[Data extracted from a collection]
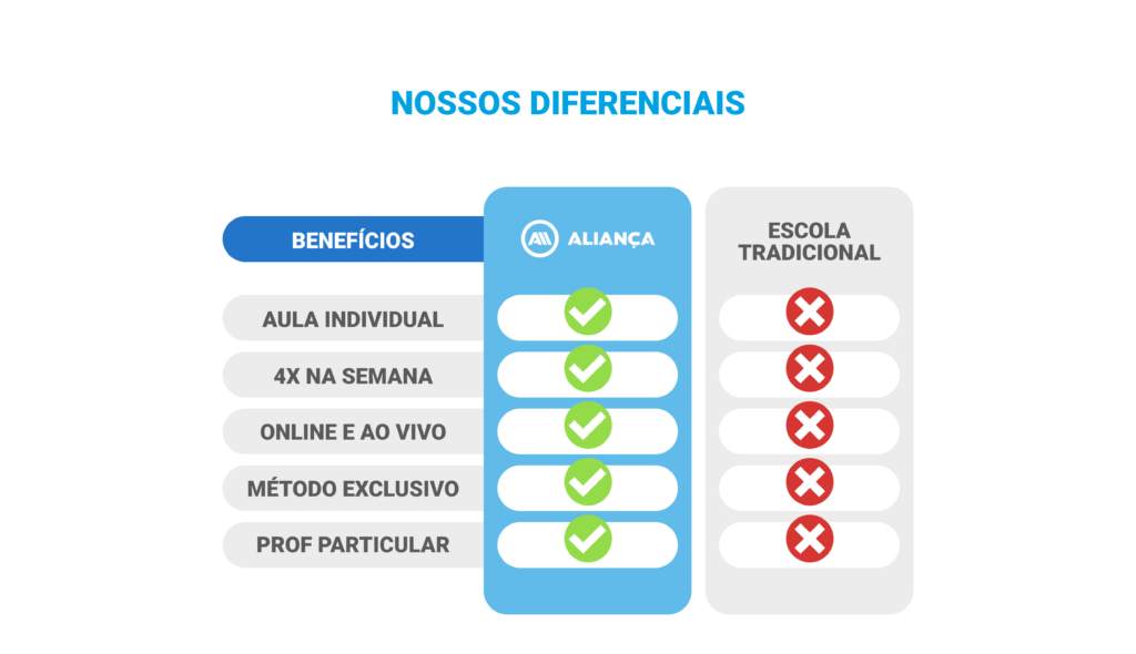 O programa da Aliança prevê 4 aulas semanais. Mas dependendo da necessidade do aluno poderão ser acrescentadas aulas adicionais no plano.
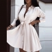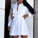 OL Style Long Sleeve POLO Collar Solid Color Shirt Dress
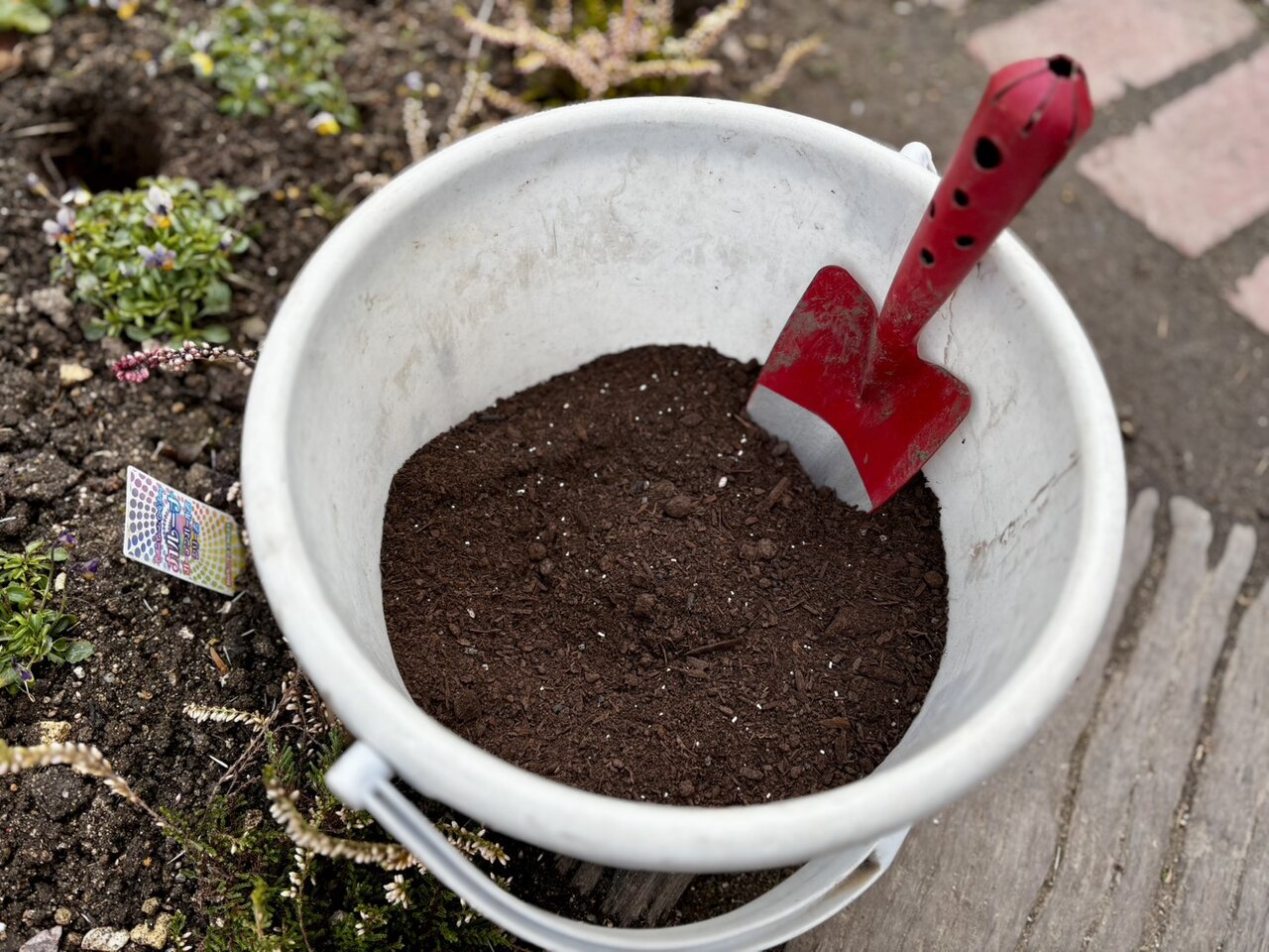 鉢が移動不可だったので現場で植え込みました
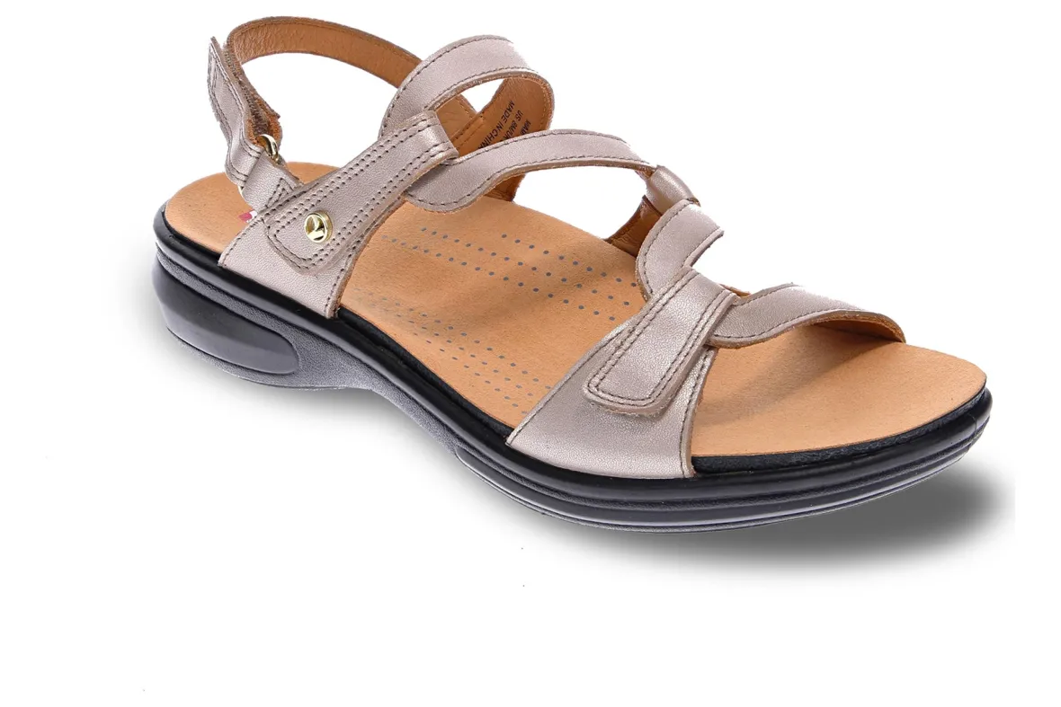 We’ve struck the perfect balance of contemporary design and optimum comfort when creating the Emerald sandals. Crafted from soft luxe leather, these women’s sandals with adjustable straps cradle the foot so you feel supported as you stroll. This 3 strap sandal fits both narrow and wide feet and has a molded footbed that can be easily removed to fit your orthotics, AFO’s or braces.FEATURES- Premium leather upper and lining.- Contoured footbed with arch support- Removable footbed to insert custom orthotics, AFO’s and braces- Received APMA Seal of AcceptanceSIZE & FIT- Fits true to size- Those between sizes may consider a size bigger or opt for the wide fit- Adjustable straps- Includes revere strap extensions for a wider fit
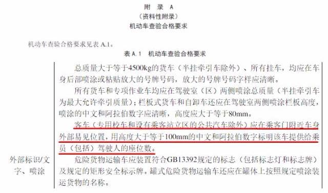 《机动车运行安全技术条件》规定:所有客车(专用校车和设有乘客站立区的公共汽车除外)应在乘客门附近车身外部易见位置,用高度大于等于100mm的中文及阿拉伯数字标明该车提供给乘员(包括驾驶人)的座位数。
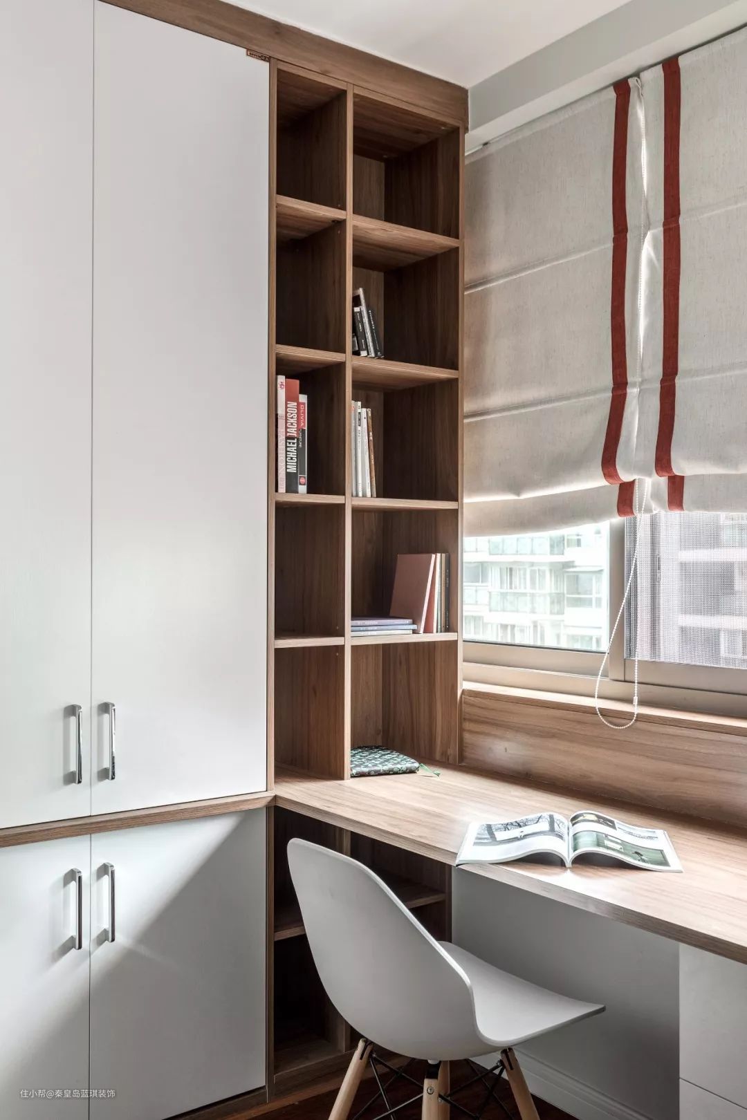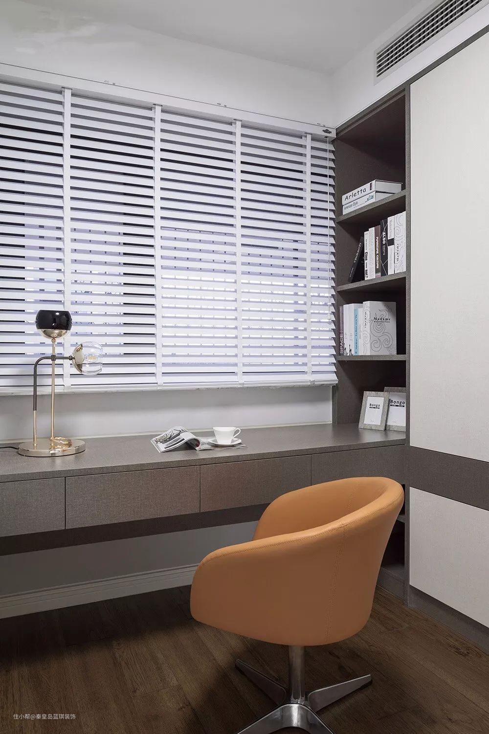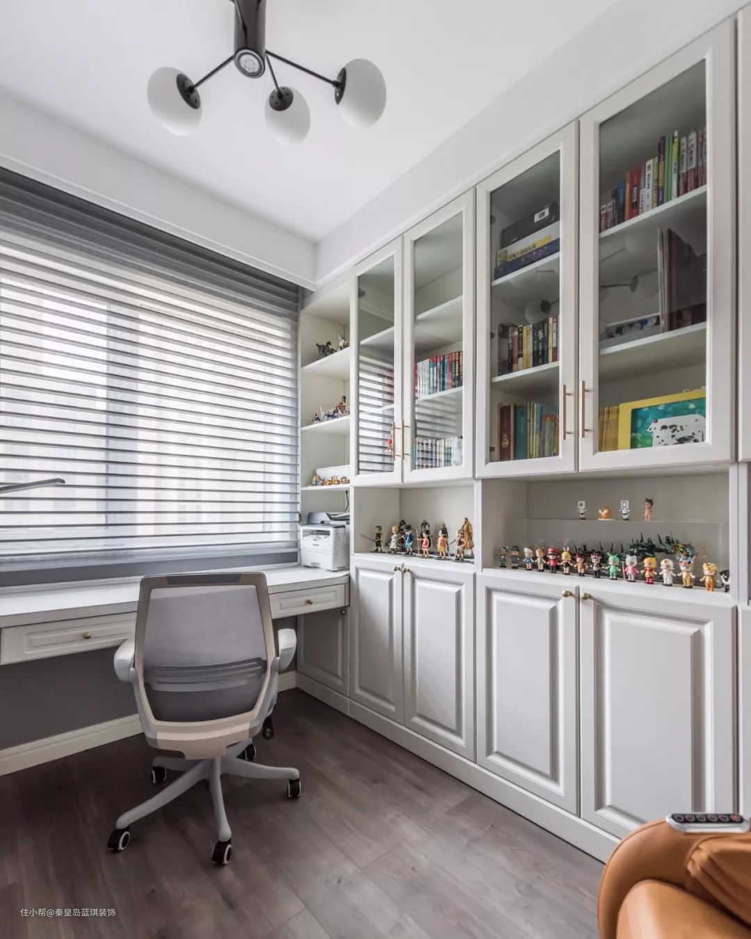 在定制收纳柜的末端,交错地装上书桌,这样让空间的利用更加透彻,最大化地实现收纳与办公的空间。

Work required: Write out the data word for word, with every picture dropped.

Solution to the exercise:
 O programa da Aliança prevê 4 aulas semanais. Mas dependendo da necessidade do aluno poderão ser acrescentadas aulas adicionais no plano.
 OL Style Long Sleeve POLO Collar Solid Color Shirt Dress
 鉢が移動不可だったので現場で植え込みました
 We’ve struck the perfect balance of contemporary design and optimum comfort when creating the Emerald sandals. Crafted from soft luxe leather, these women’s sandals with adjustable straps cradle the foot so you feel supported as you stroll. This 3 strap sandal fits both narrow and wide feet and has a molded footbed that can be easily removed to fit your orthotics, AFO’s or braces.FEATURES- Premium leather upper and lining.- Contoured footbed with arch support- Removable footbed to insert custom orthotics, AFO’s and braces- Received APMA Seal of AcceptanceSIZE & FIT- Fits true to size- Those between sizes may consider a size bigger or opt for the wide fit- Adjustable straps- Includes revere strap extensions for a wider fit
 《机动车运行安全技术条件》规定:所有客车(专用校车和设有乘客站立区的公共汽车除外)应在乘客门附近车身外部易见位置,用高度大于等于100mm的中文及阿拉伯数字标明该车提供给乘员(包括驾驶人)的座位数。
 在定制收纳柜的末端,交错地装上书桌,这样让空间的利用更加透彻,最大化地实现收纳与办公的空间。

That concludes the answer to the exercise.